Sara indicò l’equazione che aveva incisa sulla schiena il cadavere ritrovato quella mattina e disse: «Questa è la funzione zeta di Riemann. È matematica teorica. Davvero ha a che fare con gli omicidi su cui state indagando?»
Sampson annuì. «Senza entrare troppo nei dettagli, diciamo che vorremmo sapere per quale motivo questa formula potrebbe diventare un’ossessione per qualcuno.»
«È una cosa che appassiona tanti, me compresa» rispose Sara. «La funzione zeta è al centro dell’ipotesi di Riemann, che è uno dei più grossi problemi irrisolti della matematica moderna. Nel 2000, il Clay Institute ha promesso un milione di dollari al primo che riuscirà a darne la dimostrazione.»
«La dimostrazione di cosa, scusa?» intervenni. «Ricordati che stai parlando a due profani della matematica.»
Sara si raddrizzò sulla sedia, preparandosi a darci una lezione. «In parole povere, si tratta di una descrizione della frequenza e distribuzione dei numeri primi da uno fino all’infinito, ed è per questo che è così difficile dimostrarla. La congettura è stata verificata da uno fino a un miliardo e mezzo, ma non si può fare a meno di chiedersi: cos’è un miliardo e mezzo rispetto all’infinito?»
«Io non ci dormo la notte» disse Sampson, serissimo.
Sara rise. Era ancora come me la ricordavo dai tempi in cui facevamo la colletta per pagare il conto del bar: lo stesso sorriso pronto, gli stessi capelli lunghi sulla schiena.
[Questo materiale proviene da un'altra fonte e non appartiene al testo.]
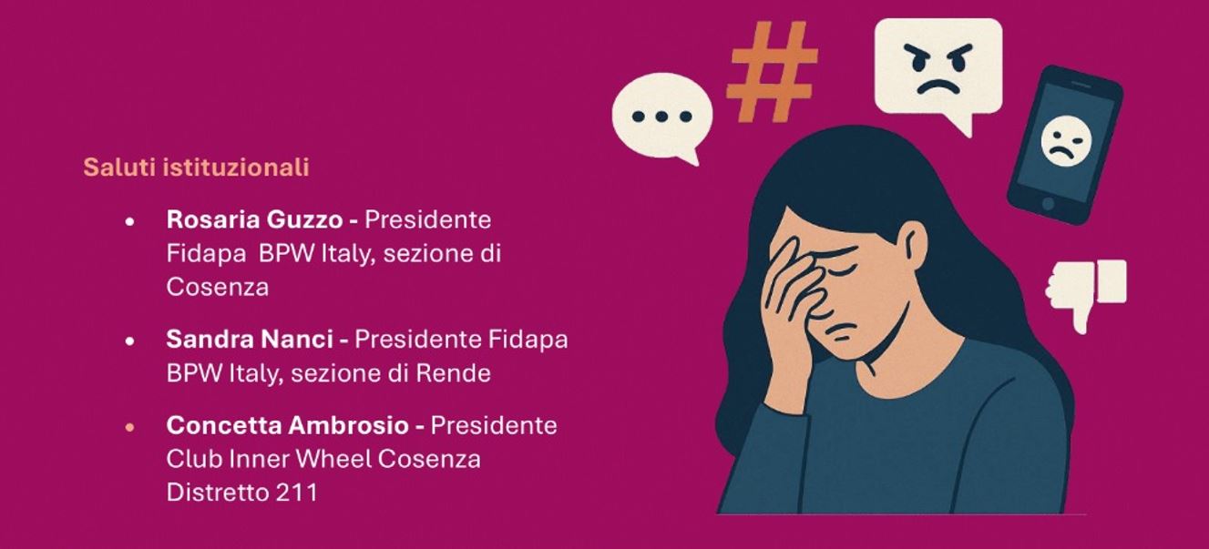 L’incontro si aprirà con i saluti istituzionali di Rosaria Guzzo, presidente della sezione di Cosenza di Fidapa BPW Italy; Sandra Nanci, presidente della sezione di Rende; e Concetta Ambrosio, presidente del Club Inner Wheel Cosenza Distretto 211. Nelle loro dichiarazioni, le rappresentanti delle associazioni hanno sottolineato l’urgenza di porre l’attenzione sulla violenza di genere e sull’impatto crescente della dimensione digitale, proponendo strumenti di prevenzione e sensibilizzazione.

«E le altre due?» chiesi, indicandole le due serie di numeri che l’assassino aveva inciso sulla fronte delle vittime.
Sara abbassò lo sguardo sul foglio, poi si girò verso il computer e digitò i numeri, a memoria, nella barra di ricerca di Google.
«Sì, eccoli qua. Mi sembrava. Sono numeri primi di Mersenne. Il quarantaduesimo e il quarantatreesimo, per l’esattezza. Due dei numeri primi più grossi scoperti finora.»
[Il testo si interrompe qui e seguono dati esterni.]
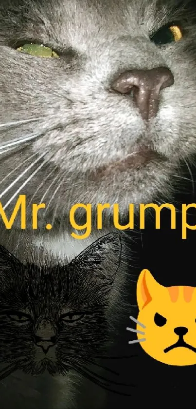 Download this amusing dark cat wallpaper featuring Mr. Grumpy's witty expression for your mobile. Perfect for cat lovers and those who enjoy a touch of humor in their backgrounds, this wallpaper brings a unique, engaging aesthetic to your device's screen while maintaining a minimalist look

Presi appunti mentre parlava, ma non ero sicuro di quello che stavo scrivendo. «Okay, passiamo alla prossima domanda» dissi. «A cosa serve?»
«A cosa serve cosa?»
«Mettiamo che l’ipotesi di Riemann venga dimostrata. E allora? Cosa cambia? Perché dovrebbe interessare a qualcuno?»
Sara rifletté prima di rispondere. «Be’, i motivi sono due. Intanto ci sarebbero sicuramente delle applicazioni pratiche. Nel campo della crittografia, per esempio: la cifratura dei testi e la decodifica dei crittogrammi ne risulterebbero del tutto rivoluzionate. È possibile che la persona a cui state dando la caccia abbia in mente qualcosa del genere.»
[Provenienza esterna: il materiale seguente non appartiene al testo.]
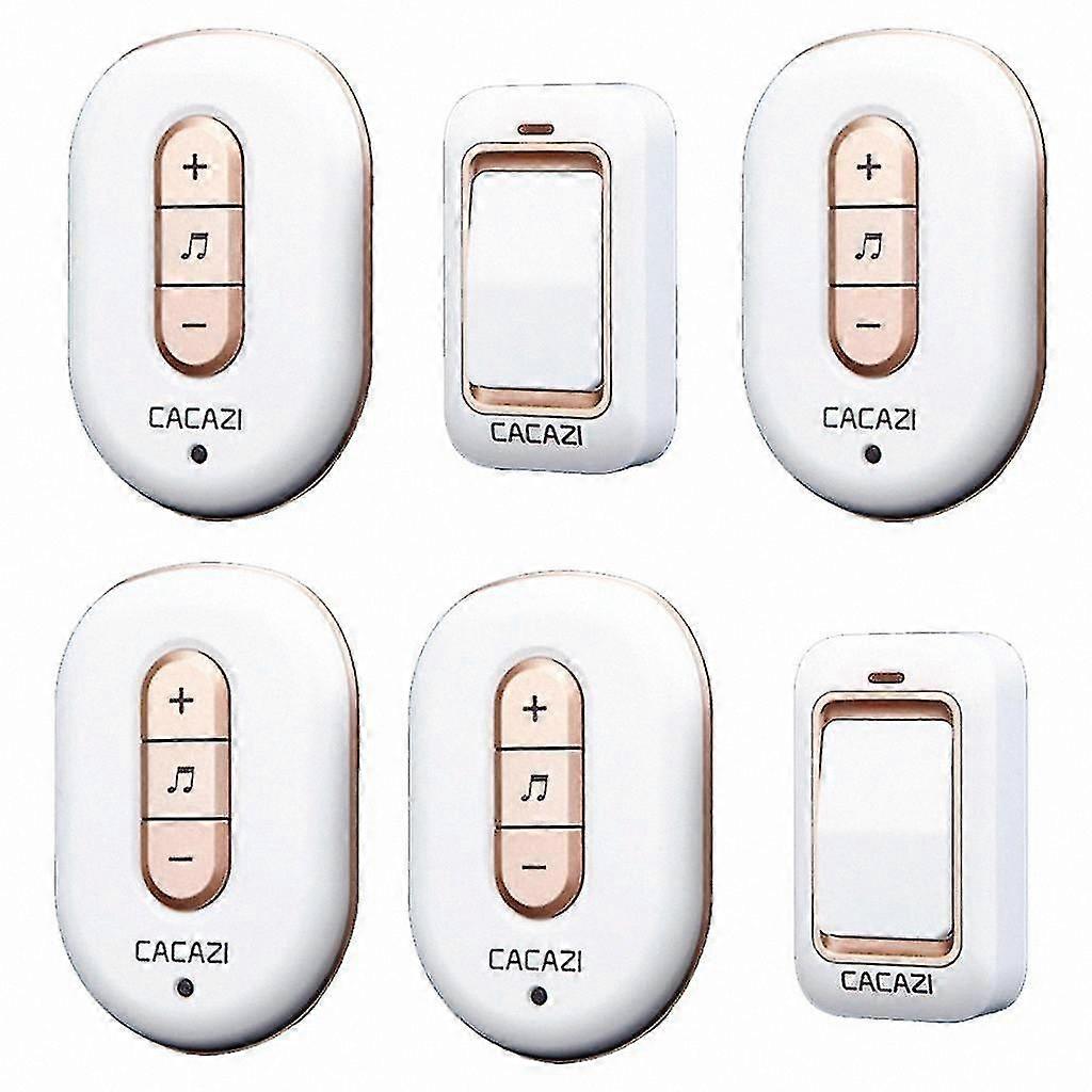 - This is a unique wireless doorbell; the key difference from other plug-in doorbells is the push-button self-generating power technology, requiring no battery or wiringpower is generated automatically when the button is pressed. - Operates up to approximately 200 meters in open areas; the push-button transmitter is IP44 rated for water resistance, suitable for outdoor use. - Features 48 selectable melodies and 6 adjustable volume levels. - Includes an LED indicator; supports adding extra transmitters or receivers to meet your needs, ensuring the chime can be heard throughout the home to avoid missing visitors. - Easy to install with no wires or drilling required; simply mount the transmitter outdoors and plug the receiver indoors for convenient home security. Specification: Material: ABS Plastic Transmitter: Approx. 75x42x22mm / 2.95x1.65x0.87 inch Receiver: Approx. 90x60x30mm / 3.54x2.36x1.18 inch Working Distance: 200m Voltage: AC 110V220V Plug Type: US Package Includes: 1 Set Wireless Doorbell Note: 1. Due to manual measurement, slight variations in color and size may occur. 2. Keep both transmitter and receiver in sheltered locations to avoid exposure to water and direct sunlight. 3. Clean the transmitter regularly with a damp cloth to prevent dirt buildup that may obstruct function. 4. Press the button firmly to ensure sufficient power generation.

«E l’altro motivo?» chiesi.
Sara fece spallucce. «È interessante per il semplice fatto che esiste. È una specie di Everest della matematica, con la differenza che in cima all’Everest sono già arrivati, mentre l’ipotesi di Riemann non è ancora stata dimostrata. Lo stesso Riemann ebbe un esaurimento nervoso, e John Nash, il matematico di A Beautiful Mind, ne era ossessionato.»
Sara si sporse in avanti e, mostrandoci il foglio con i numeri, disse: «Mettiamola così: se state cercando cosa può far diventare pazzo un matematico, siete sulla buona strada. È questo che stai cercando, Alex? Un matematico pazzo?»